For traffic that stays inside your VPC, the internal HTTP(S) and TCP proxy load balancers are the equivalents. The internal HTTP(S) LB is particularly versatile because it can also serve as a next hop in custom static routes - which is the standard pattern for HA firewall appliances (traffic routes through the ILB, which distributes across your appliance pool and handles failover automatically). Protocol forwarding is a simpler option when you need to forward raw traffic to a specific VM without the overhead of a full backend service setup. Useful for network appliances that need to receive traffic directly.

For handling traffic spikes, GCP managed instance groups can autoscale based on CPU utilization, LB utilization, or custom Cloud Monitoring metrics. The max CPU and max utilization settings on the backend service control when GCP starts distributing traffic to additional backends or regions. Get these tuned for your workload or you'll see uneven distribution under real load.

Cloud Armor

Cloud Armor is GCP's WAF and DDoS protection layer, attached to external HTTP(S) load balancers. You define security policies - named sets of rules evaluated in priority order, each matching on conditions like source IP, geographic origin, or request attributes, and either allowing or denying the request. WAF rules are pre-built for common attack patterns (SQLi, XSS, and more) based on ModSecurity rule sets, with tunable sensitivity levels per rule. Policies attach at the backend service level, so you can apply different policies to different backends behind the same load balancer (a more restrictive policy for your admin API, a more permissive one for your public-facing static assets, for example).

Cloud CDN

Cloud CDN is enabled per backend service on external HTTP(S) LBs. You control the cache mode (whether to respect origin cache headers, cache only static content, or force-cache everything), the cache key composition (which request components determine cache identity - useful for A/B testing or locale-specific content), and cache invalidation (by URL or URL prefix, no per-tag invalidation). Signed URLs let you restrict access to time-limited, cryptographically signed requests (the right approach for protected content delivery). CDN can also pull from custom origins outside GCP, not just from GCP backends.

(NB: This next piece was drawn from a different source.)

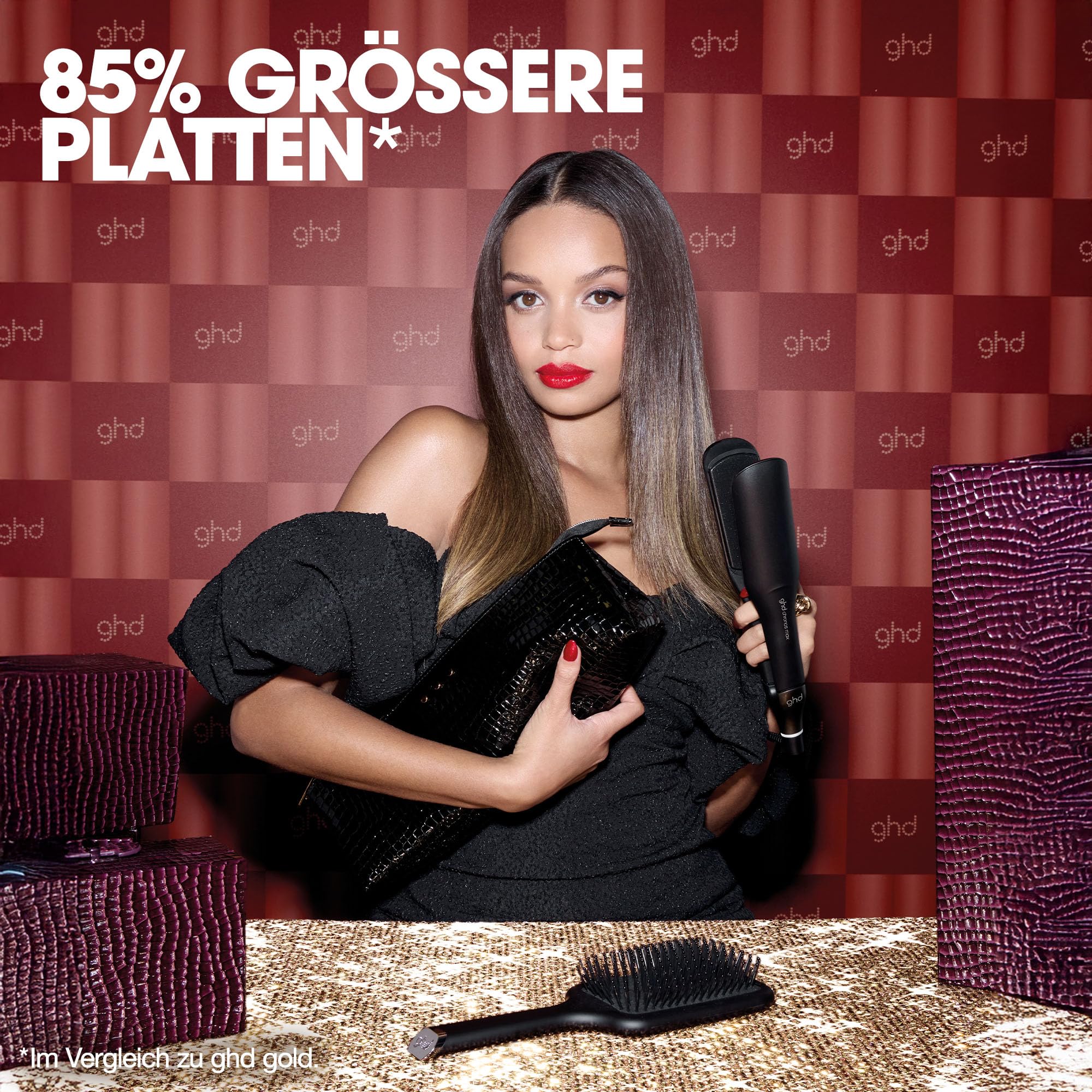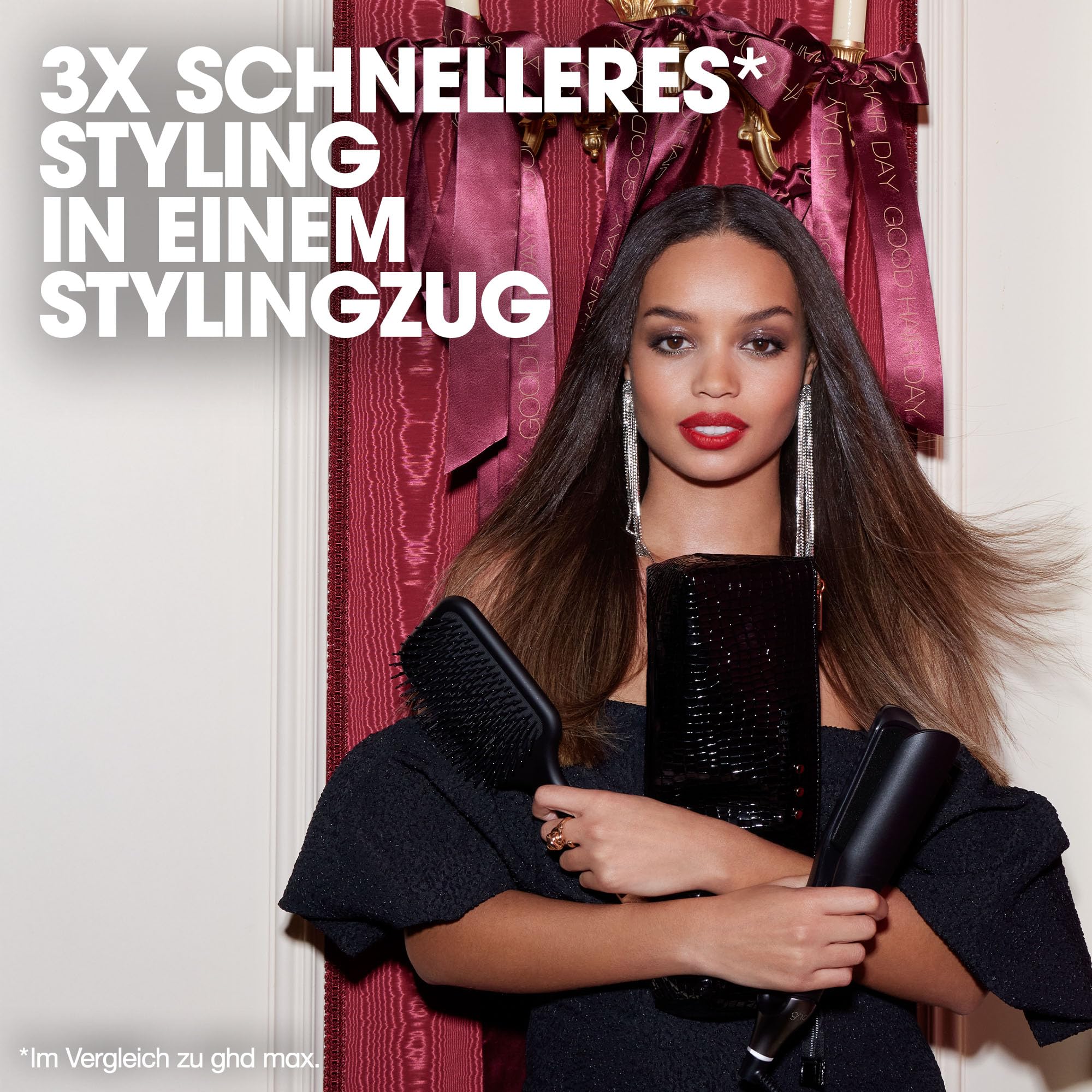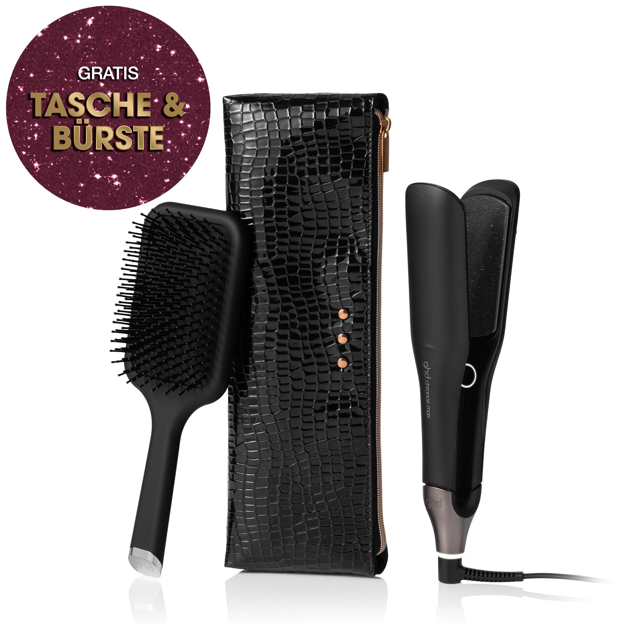 ghd chronos max Geschenkset. Bring Glamour in die festliche Saison und geniesse verführerische und zeitlose good hair days mit dem ghd chronos max Geschenkset. Der ghd chronos max professional HD Motion-Responsive™ Styler mit breiten Platten kommt zusammen mit einer ghd the all-rounder - paddle brush und einer Hitzeschutz-Tasche.¹ Der ghd chronos max Styler mit 85 % grösseren Platten2 ist ideal für langes, dickes und lockiges Haar geeignet. Erreiche 3x schnelleres3 High-Definition Styling – für Ergebnisse, die 24 Stunden halten.4 TRANSFORMATION IN NUR EINEM STYLINGZUG – Die HD Motion-Responsive™ Technologie ist mit einem 2x reaktionsfähigeren5 Algorithmus ausgestattet, der Deine Stylingbewegungen identifiziert und smart mit der richtigen Wärme- und Powerzufuhr an die Platten reagiert, um die optimale Stylingtemperatur von 185 °C konstant zu halten – für ein noch nie dagewesenes Präzisions-Level. HD ERGEBNISSE - Erreiche High-Definition Ergebnisse an langem, dicken und lockigem Haar mit Leichtigkeit. Durch die perfekte Hitzebeständigkeit erreicht das Glätteisen HD-Ergebnisse mit 90 % mehr Glanz,6 2,5x weniger Frizz7 – ganz ohne extreme Hitzeschäden.8 ghd chronos max ist der perfekte Haarstyler, um den Glass Hair Trend mit 90 % mehr Glanz6 Wirklichkeit werden zu lassen. #NOTJUSTASTRAIGHTENER – ghd chronos max überzeugt mit einem ultra-ergonomischen, schlanken und abgerundeten Design. Dank der optimierten Gehäuseform und dem überarbeiteten Gabelgelenk gelingen vielseitige Stylings schneller, einfacher – und das ganz ohne extreme Hitzeschäden.8 Erreiche bis zu 3x glatteres Haar in einem Stylingzug9 oder lasse Deiner Kreativität freien Lauf und style sanfte Wellen. Mit ghd chronos max können selbst grosse Haarpartien in kürzester Zeit mit nur einem Zug transformiert werden. PLATTEN MIT SCHMALEM RAND - Die 85 % grösseren2 Platten sind ausgestattet mit Ultra-Gloss Beschichtung und in Kombination mit dem schmalen, abgerundeten Rand sorgen sie für perfektes Styling vom Haaransatz bis zur Spitze. Der ghd chronos max mit Universalspannung ermöglicht Dein Haar zu glätten oder zu locken, egal wo Du bist. PEACE OF MIND - Schlafmodus: Der automatische Schlafmodus schaltet den Styler zur weiteren Sicherheit nach 10 Minuten ohne Benutzung ab. Ab jetzt musst Du Dir keine Sorgen mehr machen, ob Du Dein Glätteisen ausgeschaltet hast. Die ghd all-rounder paddle brush entwirrt, bändigt und stylt langes bis mittellanges Haar ohne es statisch aufzuladen. Der breite Paddle-Bürstenkopf ermöglicht es, grosse Haarpartien geschmeidig-glatt zu föhnen. In 4 Schritten zu perfekt gestyltem Haar: 1.) Sprühe ghd bodyguard Heat Protect Spray in Dein Haar. 2.) Teile das Haar in einzelne Partien ab. 3a) Glatter Look: Setze den Styler am Ansatz an und gleite gleichmässig bis zu den Spitzen durch dieHaarpartie. 3b) Gewellter/Lockiger Look: Setze den Styler am Ansatz an und drehe diesen um 180°. Gleite nun durchdie Haarpartie. Durch verschiedene Positionen und Drehungen können vielseitige Styles kreiert werden. 4.) Wiederhole den Vorgang bis dein gesamtes Haar gestylt ist. 1Das Hitzeschutz-Etui ist nur für die Verwendung mit ghd Produkten geeignet. 2Im Vergleich zu ghd gold. 3Im Vergleich zu ghd max. 4Verbrauchertest, Nov'23. 82 % von 112 Verbrauchern stimmten zu, dass ghd chronos max ein 24h haltendes Styling ermöglicht. 5Im Vergleich zu ghd platinum+. 6Technischer Test im Labor an brünettem Haar, gemessen im Vergleich zu natürlich getrocknetem Haar. 7Technischer Test im Labor an frizzy Haar im Vergleich zu natürlich getrocknetem Haar. 8Extreme Hitze ist jede Wärmebehandlung, die eine fraktionierte Verringerung der Nasszugfestigkeit pro Zyklus von mehr als 0,001 verursacht, gemessen über mindestens 100 Zyklen an braunem, kaukasischem Haar (eine „Festigkeitsverringerung“). Eine extreme Hitzeschädigung ist eine Festigkeitsverringerung von mehr als 0,005. 9Technischer Test im Labor an gewelltem Haar, im Vergleich zu natürlich getrocknetem Haar.

One thing to be careful about: what you're actually caching. Accidentally caching authenticated responses because a backend sent permissive cache headers is a real mess that's not fun to debug in production.

Cloud NAT

Cloud NAT solves the outbound internet problem for VMs without external IPs - they need to reach external APIs, download packages, call third-party services - without exposing any inbound connectivity. It's not a VM or an appliance, it's a fully distributed software-defined service with no single point of failure, which means you don't need to worry about it as a bottleneck the way you would with a traditional NAT gateway.

You attach it to a Cloud Router in the relevant region and choose which subnets it covers. NAT IPs can be auto-allocated or manually specified (the useful when you need stable egress IPs for external allowlists). Port allocation controls how many concurrent connections a VM can make to the same external destination, and running out of NAT ports is a real issue for workloads that open many connections to the same endpoint. Watch the nat_allocation_failed metric. TCP, UDP, and ICMP timeouts are configurable, which matters if you have long-lived connections that keep getting silently dropped. Organization Policy constraints let you enforce Cloud NAT configuration standards at scale, restricting which regions it can be deployed in, enforcing manual IP allocation, and so on.

Hybrid Connectivity: On-Premises and Multi-Cloud

Connecting GCP to on-premises infrastructure or other clouds is where GCP networking gets quite complex and operational overhead becomes real. The first thing to be clear on is why you're doing it, because it's not always the best idea.

The common drivers for hybrid networks are: regulatory requirements that keep certain data on-premises, legacy systems that can't migrate, staged migration strategies, or multi-cloud redundancy. Your overall goals - latency targets, bandwidth requirements, cost envelope, failover behavior - should drive technology selection. Don't start with "which product should I use" before you've answered those questions.

The Connectivity Options

At the high end, Dedicated Interconnect gives you a physical cross-connect between your network and Google's at a colocation facility - 10G or 100G circuits, low latency, predictable bandwidth, and a strong SLA. You provision VLAN attachments to connect the physical circuit to your VPCs via Cloud Router. For production you want at least two circuits in different metropolitan areas; a single circuit is a single point of failure. Partner Interconnect is the alternative when you can't colocate with Google directly - you go through a carrier partner who manages the physical circuit, and you still provision VLAN attachments on the GCP side. Bandwidth starts lower (50 Mbps) and it's the right choice when your traffic volumes don't justify a dedicated circuit or when Dedicated Interconnect isn't available in your location.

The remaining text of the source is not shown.